● Dataset extract
⁂

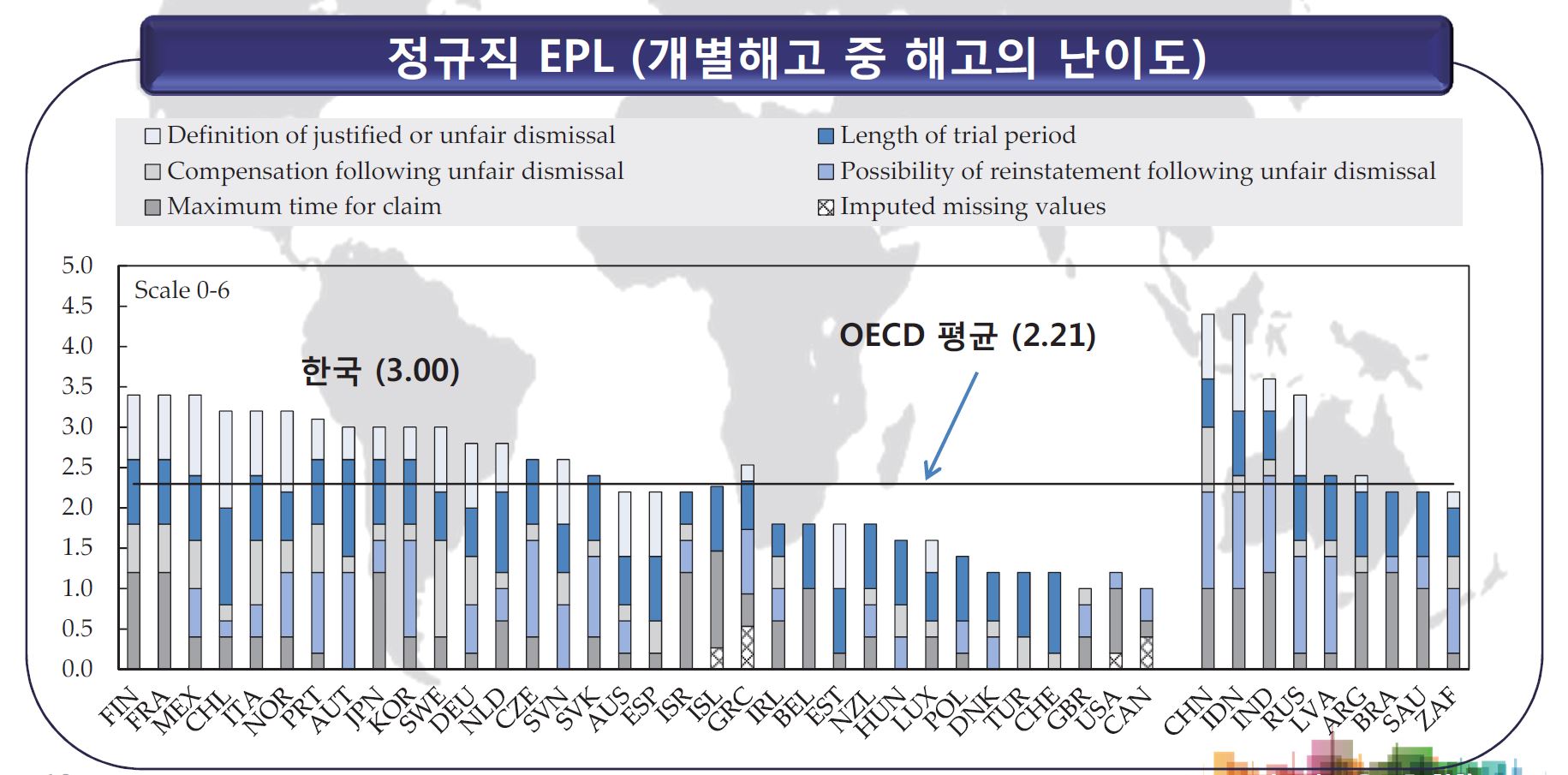 문제는 정규직 채용이 비단 ‘임금’의 문제만이 아니라는 점이다. 정규직에 대한 각종 고용보호법제는 기업의 정규직 채용을 위축시킨다. 한국의 정규직 근로자에 대한 개별 해고는 OECD 국가 중 8위 수준으로 임의적인 해고가 매우 어려우며, 부당해고로 드러날 경우 무조건 복직이 보장되는 3개 국가 중 하나이기도 하다. 또한 고용조정비용은 세계경제포럼(WEF) 기준으로 144개국 중 22위로 칠레, 중국, 예멘과 유사한 수준이며 OECD 국가 중에서는 2위다. 퇴직금만을 높고 봤을 때 해고비용은 OECD 5위에 속한다.
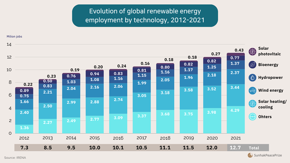 Evolution of global renewable energy employment by technology, 2012-2021 (Source: IRENA)
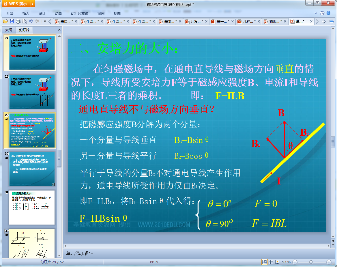这是由东陂下载编辑整理的磁场对通电导线的作用力教学课件,该课件共有52页内容丰富制作精细,对课本上的知识点讲解的十分完善清楚,能让学生们更快的理解知识,需要这篇这篇课件的老师们不要选择了,快来下载使用吧!

⁂

● Exercise
Transcribe the listing exactly, skipping pictures.

● Answer to this task
 문제는 정규직 채용이 비단 ‘임금’의 문제만이 아니라는 점이다. 정규직에 대한 각종 고용보호법제는 기업의 정규직 채용을 위축시킨다. 한국의 정규직 근로자에 대한 개별 해고는 OECD 국가 중 8위 수준으로 임의적인 해고가 매우 어려우며, 부당해고로 드러날 경우 무조건 복직이 보장되는 3개 국가 중 하나이기도 하다. 또한 고용조정비용은 세계경제포럼(WEF) 기준으로 144개국 중 22위로 칠레, 중국, 예멘과 유사한 수준이며 OECD 국가 중에서는 2위다. 퇴직금만을 높고 봤을 때 해고비용은 OECD 5위에 속한다.
 Evolution of global renewable energy employment by technology, 2012-2021 (Source: IRENA)
这是由东陂下载编辑整理的磁场对通电导线的作用力教学课件,该课件共有52页内容丰富制作精细,对课本上的知识点讲解的十分完善清楚,能让学生们更快的理解知识,需要这篇这篇课件的老师们不要选择了,快来下载使用吧!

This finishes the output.